Brig. Gen. Yiftah Spector is one of the most decorated pilots in Israeli history, a triple ace credited with downing 15 enemy planes in wars spanning three decades. In recent years, Spector became a revered flight instructor for the air force.

Last month scores of Palestinians were killed or wounded when pilots attempting to kill militant leaders dropped bombs or fired missiles into crowded urban neighborhoods in the Gaza Strip. Spector and 26 other current and former Israeli air force pilots signed a letter stating their opposition to executing "illegal and immoral orders to attack." They refused "to take part in air force strikes in civilian population centers" and "to continue to hurt innocent civilians."

The air force commander, Maj. Gen. Dan Halutz, grounded all the pilots and fired the nine instructors, including Spector, his longtime friend and colleague.

"Deaf, blind and stupid"

Spector, 63, was undeterred. In an interview a few days after personally surrendering his wings to Halutz, he said: "I am the public. I can speak my heart."

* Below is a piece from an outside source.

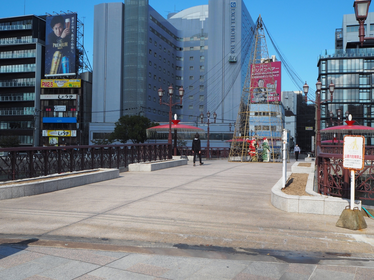 福博であい橋は天神中央公園から中州へと渡る那珂川に架かる橋す。歩行者専用の橋で、橋の中央の2カ所には円状の広がった場所があり、休憩や景色を眺めるなどができるようになっています。またベンチもあるのでゆったり時間を過ごすのも可能です。昼間も多くの人が歩いている橋です。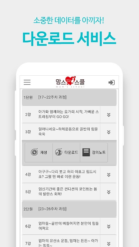 예비 엄마, 아빠, 부모님들을 위한 맞춤 강의를 제공하는 맘스스쿨의 모든 강의를 편리하게 이용하실 수 있도록 제작되었습니다.

"If we continue, there are going to be greater and greater dilemmas and there will be more and more mistakes," said Spector. The government, he said, is "deaf, blind and stupid" for relying exclusively on military force to resolve the conflict.

In addition to the pilots, 567 reserve army officers and soldiers have declared publicly that they will no longer serve in the Palestinian territories, and hundreds of others have quietly asked their commanders for reassignment, according to military lawyers and Israeli military experts.

Many government officials have dismissed the numbers as inconsequential in a military of about 186,000 active-duty and 445,000 reserve troops. Some military analysts disagree.

"This is very significant," said Yagil Levy, author of a recently published book on changing trends in the Israeli military. "For the first time in Israeli history, you're talking about hundreds of officers."